6 Responses to Visa Processing and I-829 investigation

  1. Lui says:

    Congrats and thank you very much for your initiative.

  2. waitingi485 says:

    Do R5 and I5 applicants same as EB5 RC applicants?
    If so, My RFE documents were received on 12th July but there has been no update yet on my case.

  3. Peter says:

    It would be more interesting to get infos from investors since how many months they are waiting to get adjudicated of their I-526. Just to make it clear that the advertised 14 months are not the reality. Also great to have it for the congressmen. Hope it can be collected without a Google Form, not transparent enough.

    • Charlie says:

      Peter, you may download a free app called “CASE TRACKER FOR USCIS” @Apple Store.
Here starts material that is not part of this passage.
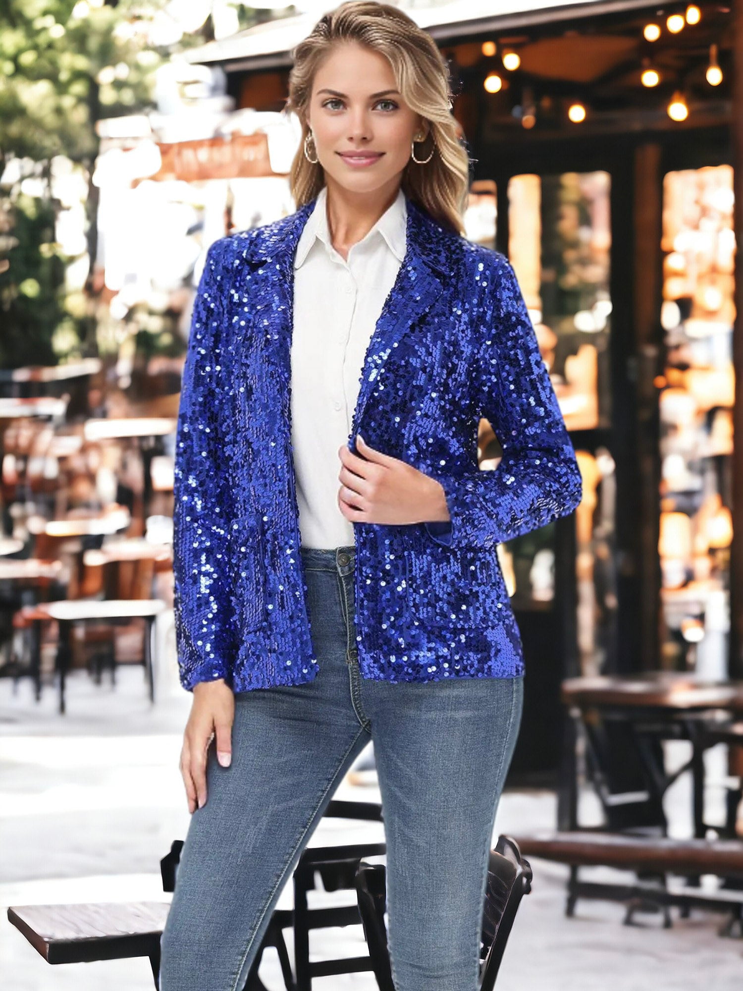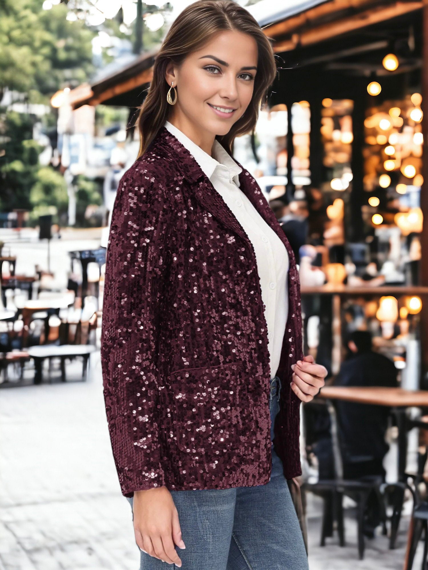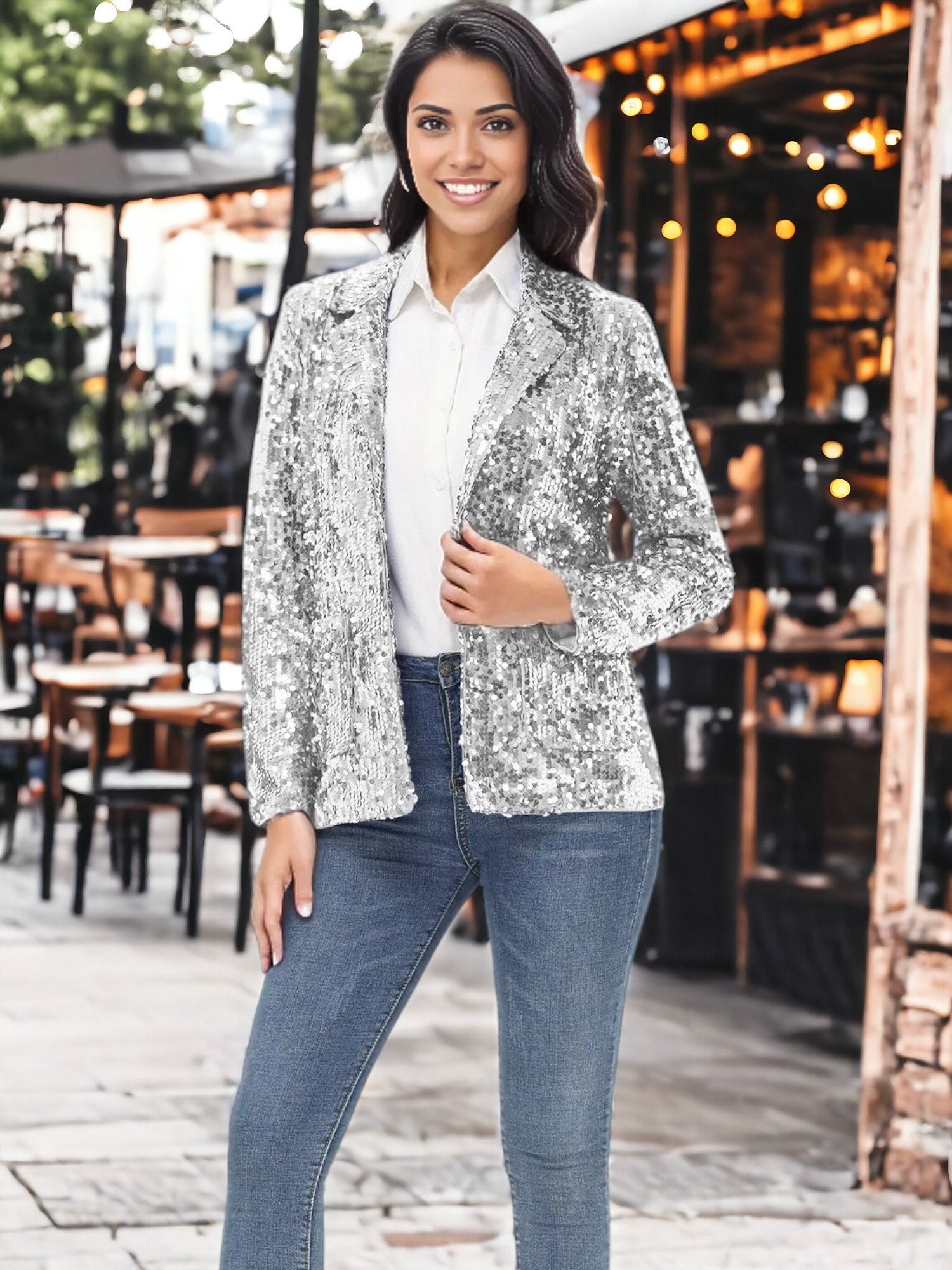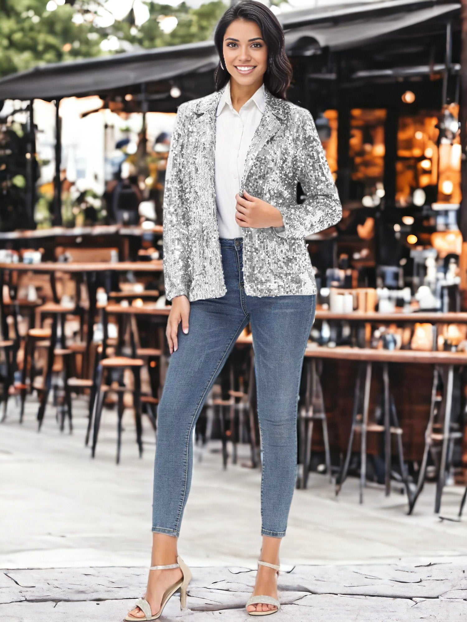 Shine bright in our Glitter Long Sleeve Open Front Sparkle Party Blazer Jacket. This jacket is a perfect blend of sophistication and glamour, designed to elevate your party ensemble. The long sleeves and open front, adorned with sparkling glitter, make it a statement piece for any special occasion. Whether it's a night out on the town or a festive celebration, this blazer adds a touch of dazzle to your outfit. Embrace the sparkle and turn heads with this glamorous and chic party blazer that's ready to make you the star of the event.

You can then search up to 500 cases after adding your receipt number. Once you have the results you can then filter them by process type i.e I-526, I-829, etc. You can also see a graph indicating approvals, denials, RFEs by process type. This first step will give you evidence if your own petition is behind compared to others who have filed for I-526 around the same date you have.
      You may also decide to further research by adding a receipt number from, let’s say 24 months prior to your receipt date, and see what the system shows you. Please note that the first three letters of a receipt number indicates the USCIS service center which is processing the petition. The next two digits represent the fiscal year in which USCIS received the petition. The next three digits represent the computer workday on which the receipt was processed and the fee was taken. Finally, the last five digits are used to identify uniquely the petition filed. My observation has been that these are sequential numbers which are issued as cases are being processed at the intake facility. Cases filed together are often given sequential (or close to sequential) numbers for the last five digits (and overall).
      Hope it helps!

  4. Lui says:

    Hey Suzanne, just wondering if you have some update to share regarding “I-829 investigation”. Thank you very much.

  5. Charlie says:

    Starting Sept. 4, 2021, USCIS is extending the time that receipt notices can be used to show evidence of status from 18 months to 24 months for petitioners who properly file Form I-829, Petition by Investor to Remove Conditions on Permanent Resident Status. They are making the change from 18 to 24 months to accommodate current processing times for Form I-829, which have increased over the past year.
    Conditional permanent residents who properly file Form I-829 will receive a receipt notice that can be presented with their Form I-551, Permanent Resident Card (also known as a Green Card), as evidence of continued status for up to 24 months past the expiration date on their Green Card, while their case remains pending with USCIS.
    Additionally, USCIS will issue new receipt notices to eligible conditional permanent residents who properly filed their Form I-751 or Form I-829 before Sept. 4 and whose cases are still pending. Those receipt notices will also serve as evidence of continued status for 24 months past the expiration date on their Green Card.
    It is good to see common sense prevailing and this small step will significantly improve many lives. That said, the ideal extension should have been at least 36 months (current minimum processing time) as many conditional green card holders will continue to be in nowhere’s land, with no evidence of lawful status.
    Hope they can revisit the subject soon.